Whenever we want to present a view controller, we push the view controller to the top of the stack. When we want to dismiss a view controller, we pop it from the stack. Only the view controller on the top of the navigation stack is visible to the user.
In addition, a navigation controller manages a navigation bar, which displays a back button for dismissing the topmost view controller and a title for the current view controller.
Each view controller has a special property called navigationController. The property has type UINavigationController?. If the view controller is currently in the stack managed by a navigation controller, this property will point to the navigation controller.
Typically, you declare a navigation controller with its root view controller
let vc = ViewController()
let nav = UINavigationController(rootViewController)
You can push a view controller to the navigation stack by calling pushViewController(viewController:animated:) on the navigation controller. Similarly, you can pop the topmost view controller by calling popViewController(animated:).
TabBarController
The tab bar controller displays tabs at the bottom of the window. Each tab corresponds to a child view controller, and the selection determines which view controller to display.
The following code initialize a tab bar controller with two tabs
let tabBarController = UITabBarController()
let vc1 = HomeVC()
let vc2 = SettingVC()
let vc3 = UINavigationController(rootViewController: vc2)
tabBarController.viewControllers = [vc1, vc2]
Notice that for the second tab we create a navigation controller as a child of the tab bar controller. It is an example where we can use container view controllers to create more complex user interface.
Model-View-Controller (MVC)
MVC is a popular software architectural pattern for making an iOS App. It divides your code into three main categories: model, view, and controller.
A view object is the visual layer of our app. It is what the user sees, and it is what the user interacts with. A view object should not be responsible for book-keeping the data, it should only know how to present the data.
A model is the opposite of views. It is the data representation of our App. It could be a user class, or a style struct.
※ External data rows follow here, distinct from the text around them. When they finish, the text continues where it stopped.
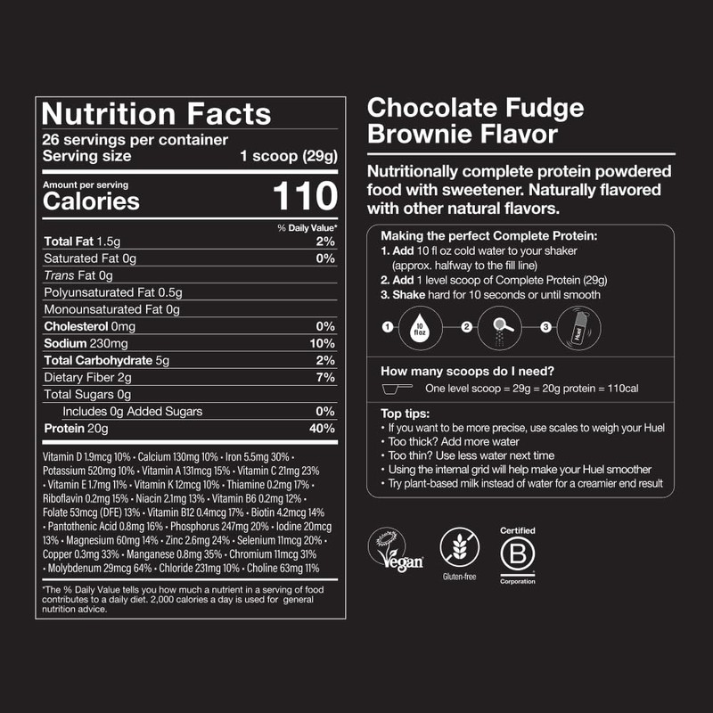 Huel Vegan Protein Powder | Chocolate Fudge Brownie | Complete Nutrition | 20g Protein Powder | 100% Plant-Based | 27 Vitamins & Minerals, Gluten Free, Non-GMO, Lactose Free | 26 Servings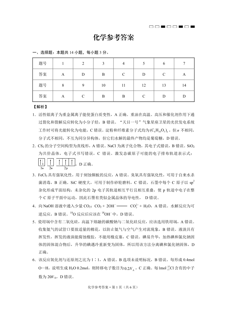 云南省师大学附中2024-2025学年下学期高三开学考试化学答案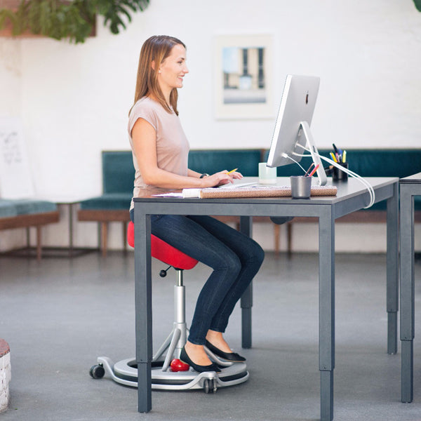 Det er en stol som giver dig noget ekstra! Når du bevæger dig trænes musklerne som støtter rygsøjlen. Bevægelsen for at finde balancen kommer kun fordi du sidder på Backapp. Bestil hjulunderstel - fås i 2 forskellige farver -hvis du ønsker mere fleksibilitet på arbejdspladsen.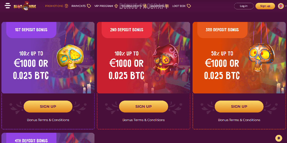 Dama N.V. war in letzter Zeit ziemlich produktiv; eine ihrer Spieleplattformen ist SlotVibe. Wie alle ihre anderen Casinos sticht SlotVibe dank seiner umfangreichen Spielebibliothek, seiner großzügigen Auswahl an Werbeaktionen und seines zweisprachigen Kundendienstes hervor. Darüber hinaus präsentiert es eine attraktive Website im Cartoon-Stil und mit lebendigen Grafiken, die wahrscheinlich vom mexikanischen Día de Los Muertos beeinflusst sind, da sie humorvolle Charaktere enthält, die so gekleidet sind.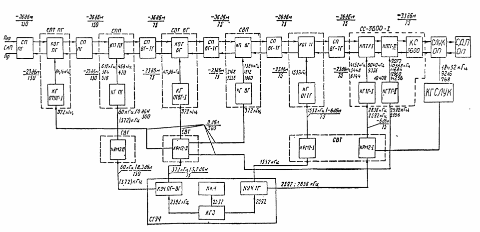Расчет диаграммы уровней заключается в определении уровней передачи. Приема на входе и выходе усилений для верхнего по частоте канала, при наиболее тяжелых условиях работы. Уровень передачи ОП-1 равен номинальному для данной системы передачи - 13 дБ.
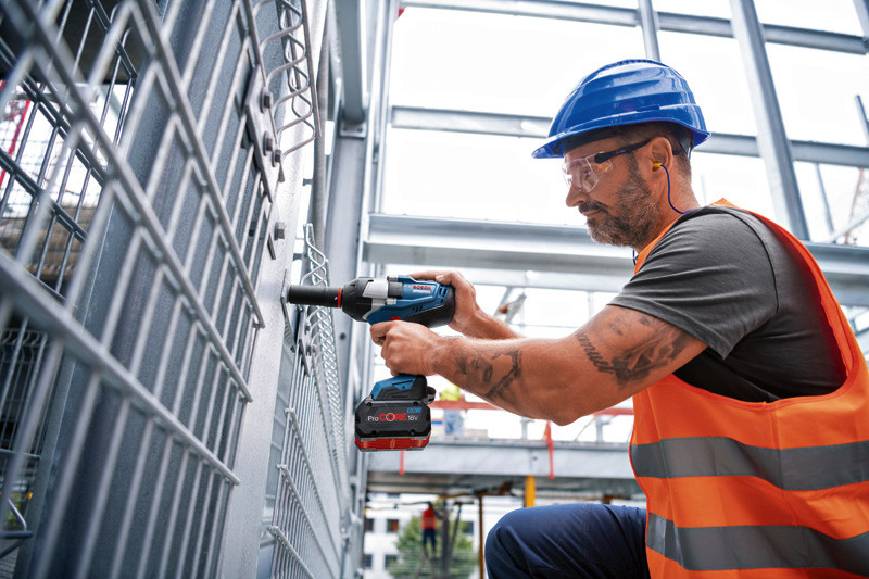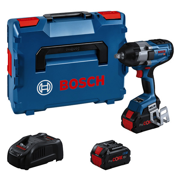 Akku-Drehschlagschrauber GDS 18V-1000, Der GDS 18V-1000 Professional ist der leistungsstarke 1/2"-Drehschlagschrauber mit BITURBO Brushless-Technologie. Seine kabellose Freiheit mit hervorragender Leistung ist dem kraftvollen bürstenlosen Motor zu verdanken, der seine optimale Leistung durch ProCORE18V-Akkus erreicht. Das neue Schlagwerk wurde für ein maximales Anziehmoment von 1.000 Nm und ein maximales Losbrechmoment von bis zu 1.600 Nm konzipiert, und bietet optimale Leistung bei Arbeiten unter schwierigsten Bedingungen. Drei Einstellungen sorgen für ausgezeichnete Kontrolle über Drehzahl und Drehmoment und somit hohe Vielseitigkeit. Der Drehschlagschrauber ist perfekt für Metallanwendungen mit Maschinenschrauben von M 10 bis M 24 wie Stahlbaukonstruktionen, Metallverbindungen, Rohrmontage, LKW-Instandhaltung und Holzkonstruktionen. Er ist kompatibel mit allen Bosch Professional 18V-Akkus und -Ladegeräten (Professional 18V System). für maximale Leistung ProCORE18V ? 5,5 Ah verwenden. Auch kompatibel mit AMPShare, der markenübergreifenden Akku-Allianz. Der GDS 18V-1000 Professional verfügt über ECP und EMP, eine Werkzeugstatusanzeige, LED-Licht, eine 1/2"-Werkzeugaufnahme mit Sprengring, und einen Aufbewahrungsclip. 2 x Akku ProCORE18V 8.0Ah (1 600 A01 6GK). Schnellladegerät GAL 1880 CV (1 600 A00 B8G). L-BOXX 136 (1 600 A01 2G0). 1/1 L-BOXX-Einlage für Gerät und Ladegerät (1 600 A02 58Y). Leiterclip (1600 A02 3G7)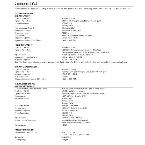 From NAD: The NAD D 3045 is everything a modern amplifier should be; compact, energy efficient, powerful, silent, high-resolution enabled, and packed with cutting edge features like DSD and MQA playback. NAD’s expertise in both digital and analogue engineering is on full display in this flexible and affordable amplifier.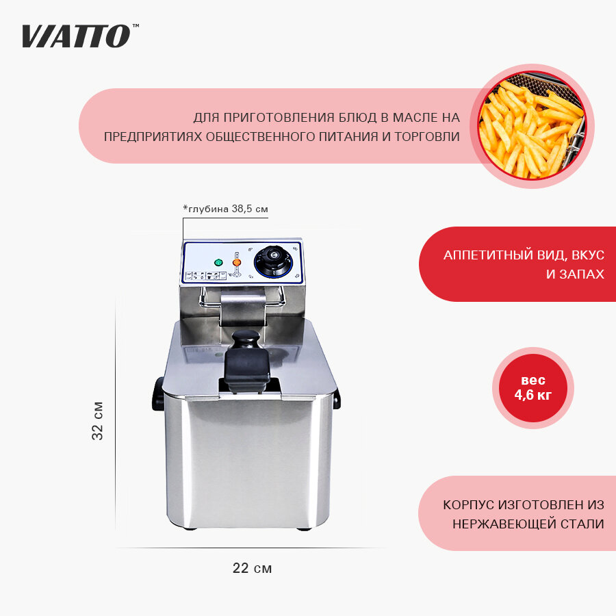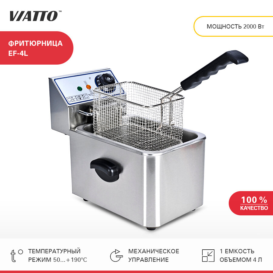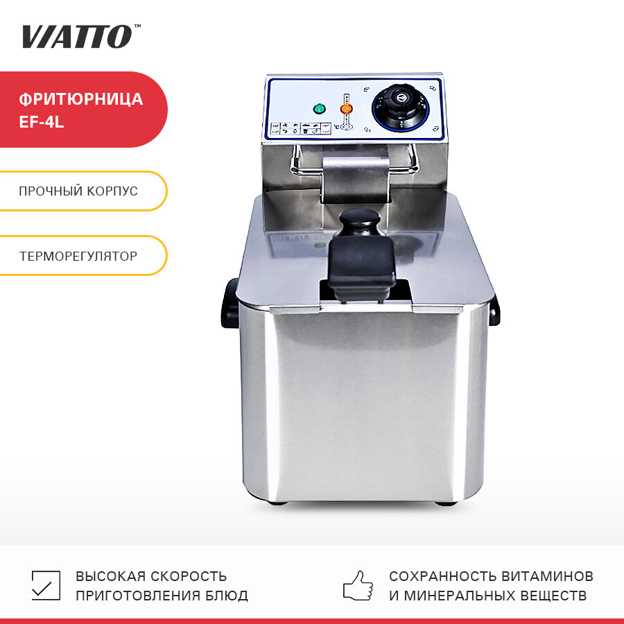 Фритюрница электрическая Viatto Commercial EF-4L, настольная электрофритюрница информация: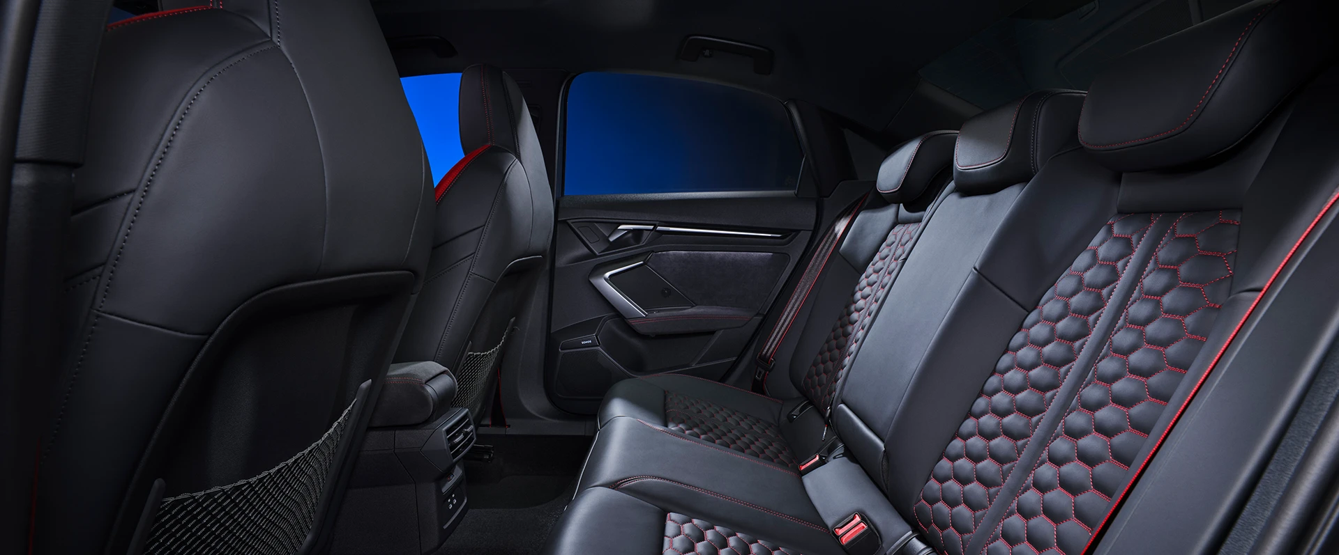 O interior é visivelmente esportivo com o pacote de design RS Vermelho, bancos dianteiros esportivos e volante esportivo achatado. A abordagem da dinâmica de condução também é claramente visível no Audi virtual cockpit plus com um design dos modelos RS selecionável.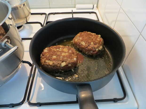 - Continuar con calor demasiado medio bajo hasta que son todavía un poco rojos por dentro, vuelta regularmente para evitar que se pegue a la sartén.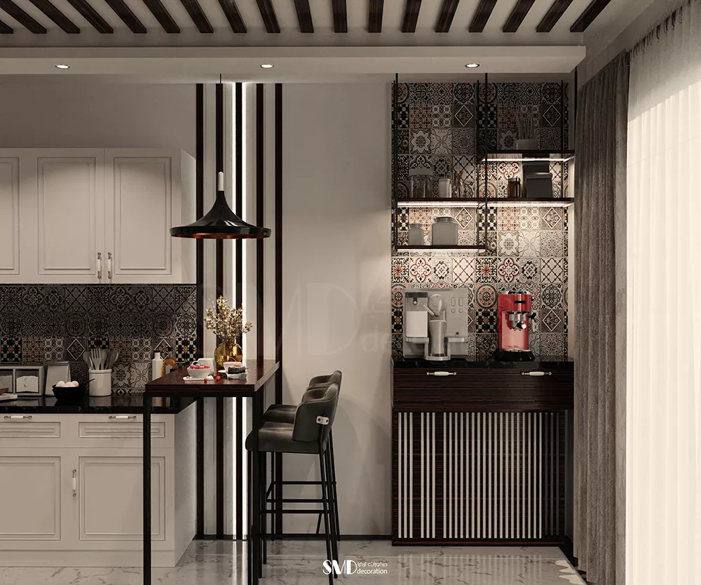 عمل فريق SMD بشكل إبداعي للتأكد من أن الفيلا مجهزة بمزيج مثالي من العناصر التقليدية واللمسات الحديثة. استخدموا أيضًا عناصر ديكور بوهو لخلق جو مريح في المنزل.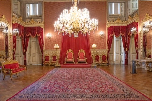 La construction du palais national d'Ajuda ne s'est pas faite sans heurts. La structure que vous voyez aujourd'hui n'est pas l'original. À l'origine, le roi Jean V avait prévu de faire du palais une résidence d'été dans la première moitié du XVIIIe siècle, mais la construction n'a commencé qu'après la destruction du Paço da Ribeira, la résidence royale située au centre de Lisbonne, par un tremblement de terre en 1755. Le premier palais d'Ajuda était construit en bois, mais il a brûlé en 1794. C'est alors qu'a été construit le bâtiment beaucoup plus résistant au feu que vous voyez aujourd'hui. À ce jour, les cérémonies de la République et de la présidence se déroulent dans le palais.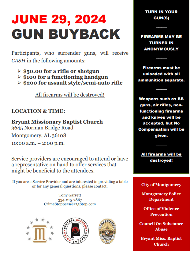 On Saturday, June 29, 2024, starting at 10:00 a.m. Central Alabama CrimeStoppers, in conjunction with the City of Montgomery, and the Montgomery Police Department, will be hosting an anonymous Gun Buyback event at the Bryant Missionary Baptist Church, located at 3645 Norman Bridge Road in Montgomery, AL. Citizens who surrender guns at this event will receive CASH in the amount of $50 for any rifle or shotgun, $100 for any functioning handgun, and $200 for an assault and/or semi-auto rifle.
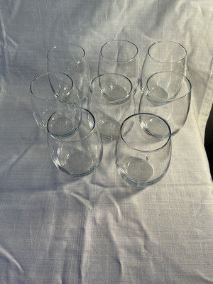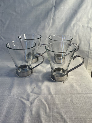Clear glass drinkware including eight stemless tumblers and four double-walled mugs with metal bases and handles.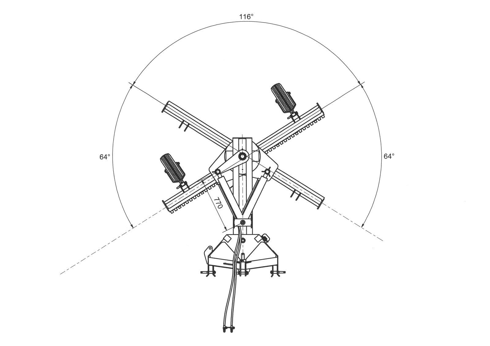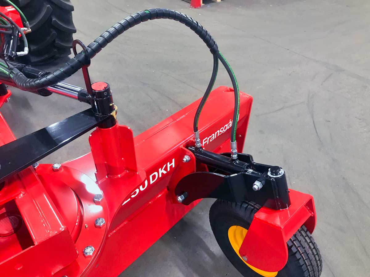GT-DKH sets a new standard in professional cutting. The icing on the cake is the 3-point suspension design, where the horizontal angle is set up to 20° to each side between boom and hitch, thereby not stressing the lift arms on the tractor. This reduces wear and thus costs.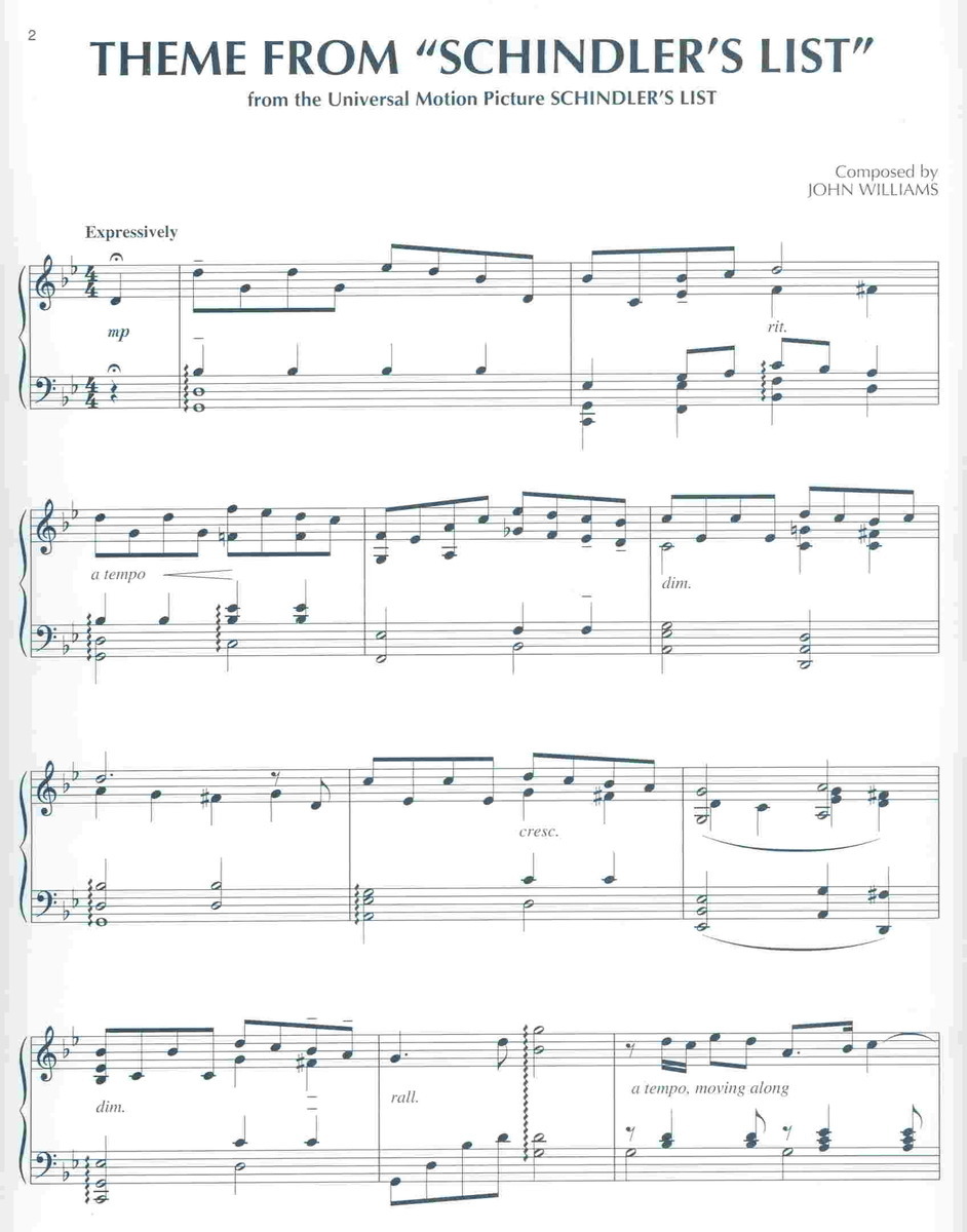 SCHINDLER'S LIST, theme from motion picture piano solo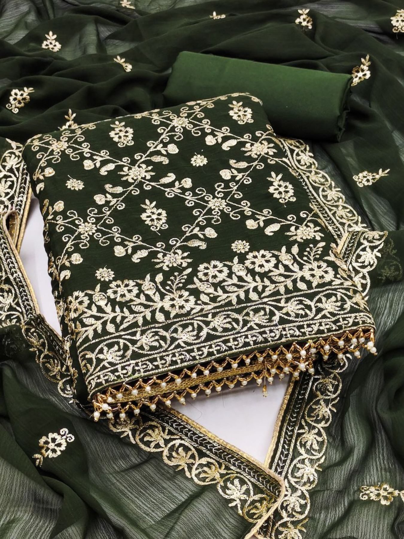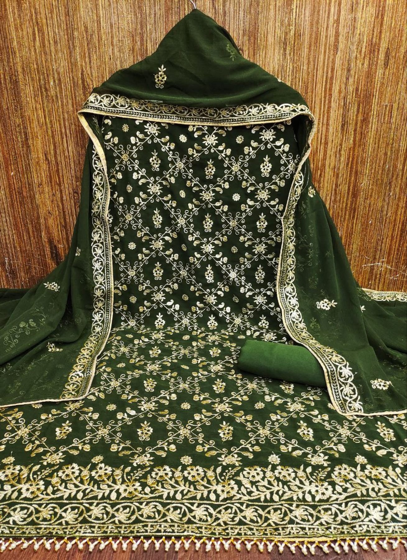 Green Georgette Multi Sequence Work Semi-Stitched Suit with Dupatta Cultural Wear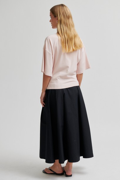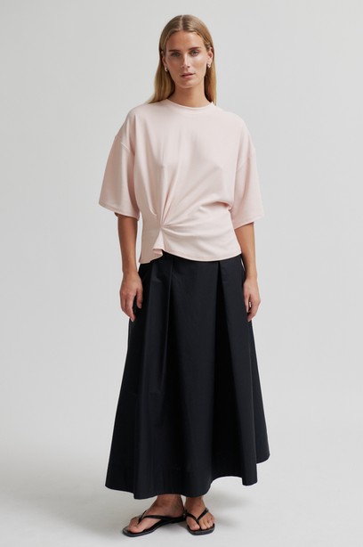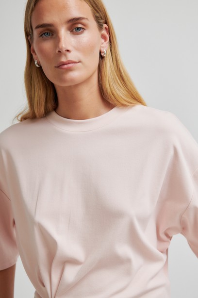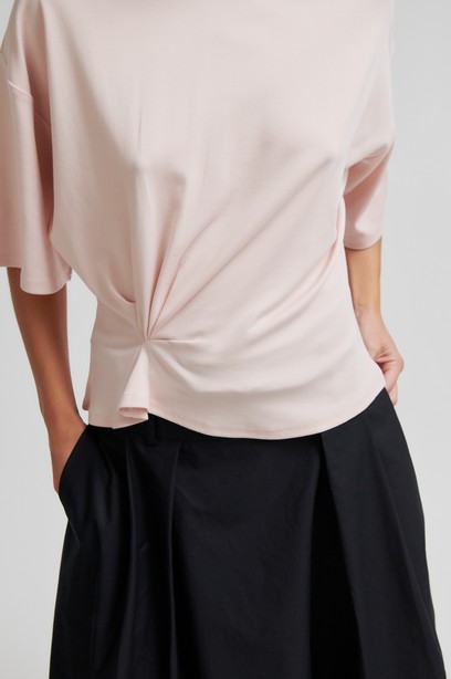 Tyylikäs ja rento t-paita on valmistettu pehmeästä lyocell-puuvilla sekoitteesta. T-paidassa yksityiskohtana vyötäröllä rypytys, pyöreä pääntie sekä rennto 3/4 -osa hihat. T-paidassa ylhäältä rento istuvuus ja vyötäröltä istutettu. Suosittelemme valitsemaan oman koon.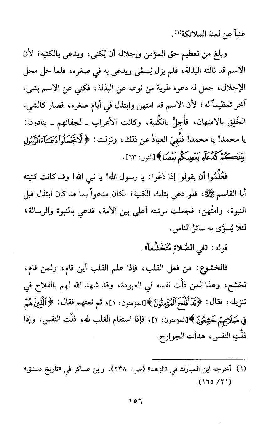 وبلغ من تعظيم حق المؤمن وإجلاله أن يكنى، ويدعى بالكنية؛ لأن الاسم قد نالته البذلة، فلم يزل يسمى ويدعى به في صغره، فلما حل محل الإجلال، جعل له دعوة طرية من نوعه عن البذلة، فكني عن الاسم بشيء آخر تعظيماً له؛ لأن الاسم قد امتهن وابتذل في أيام صغره، فصار كالشيء الخلق بالامتهان، فأجل بالكنية، وكانت الأعراب -لجفائهم- ينادون: يا محمد! يا محمد! فنهي العباد عن ذلك، ونزلت: {لا تجعلوا دعاء الرسول بينكم كدعاء بعضكم بعضاً}.

Finally, the view controller is the interface between models and views. When a user initiates an action, the view delegate that action to the view controller. The view controller handles the action by performing a view update and/or modifying the models.
Sticking to this approach generally helps you write more scalable and readable code. But it doesn’t mean that you are in the clear. It’s much more important to understand the design principle such as the separation of concern. A good piece of code should be modular, consists of many independent black boxes. If you find yourself having to deal with a single gigantic chunk of code that does basically everything, you are probably doing something wrong.